» WHAT THIS TASK INVOLVES
Please reproduce the lines from the one containing "Iridescent olpe, Roman, 100-300 AD" through the end of the data below exactly as they stand, and omit all pictures.

━━━

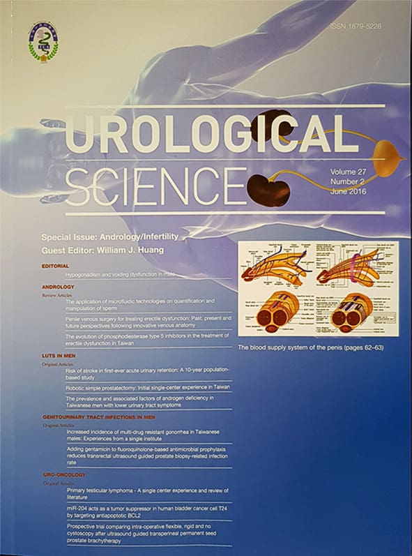 Hsieh CH (謝政興), Hsieh JT, Chang SJ, Chiang IN, Yang SSD. Penile venous surgery for treating erectile dysfunction: past, present, and future perspectives with regard to new insights in venous anatomy (陰莖靜脈手術治療勃起功能障礙的過去,現在與未來:關於陰莖靜脈解剖學的新見解). Urological Science. 27(2):60-65, 2016.
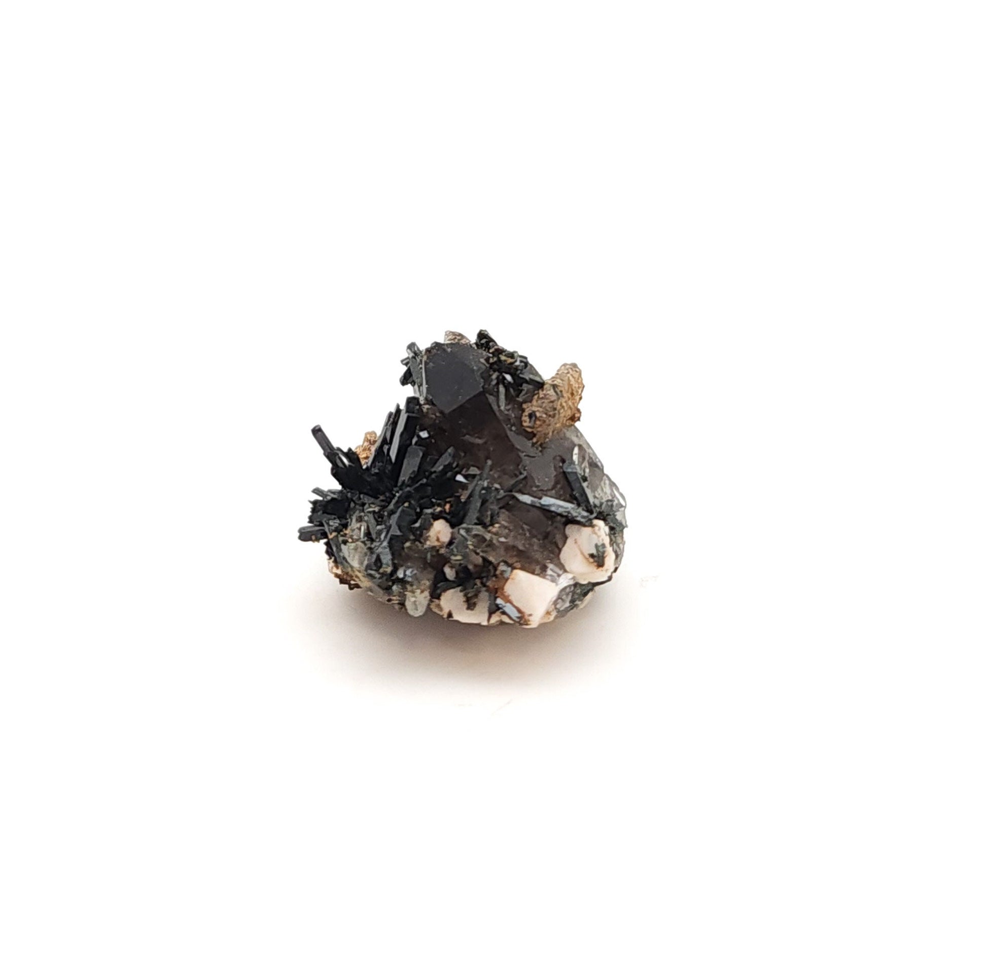 Offered here is a nice specimen with aegirine crystals to 1.9 cm, smoky quartz crystals to 2.9 cm and intermixed microcline crystals!
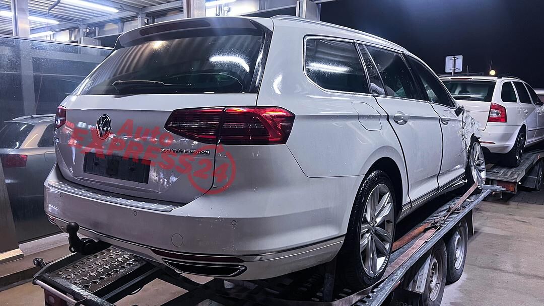 Vůz na náhradní díly VW Passat B8 kombi r.v. 2016 bílá metalíza kód barvy LC9A naftový motor 2.0TDI 176KW commonrail s DPF kód motoru CUA CUAA sedmistupňová automatická převodovka s funkcí START - STOP pro pohon všech kok 4x4 4motion kód převodovky RCG ...
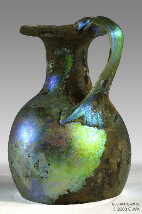 Iridescent olpe, Roman, 100-300 AD
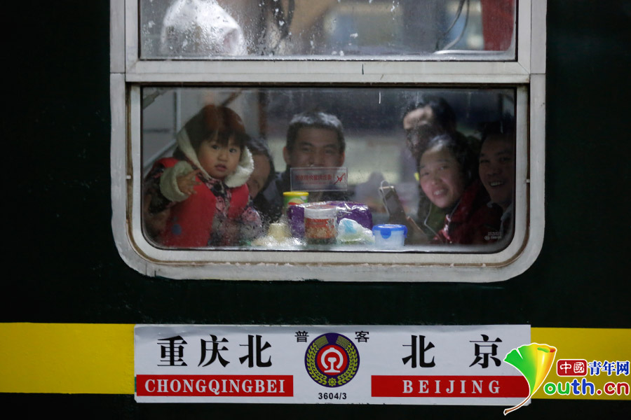 中国青年网北京1月24日电(记者 张炎良 开可)1月24日零时11分,2016年北京地区春运第一趟加开旅客列车3603次从北京站发出,开往目的地重庆北。

━━━

» ANSWER SECTION
 Iridescent olpe, Roman, 100-300 AD
 中国青年网北京1月24日电(记者 张炎良 开可)1月24日零时11分,2016年北京地区春运第一趟加开旅客列车3603次从北京站发出,开往目的地重庆北。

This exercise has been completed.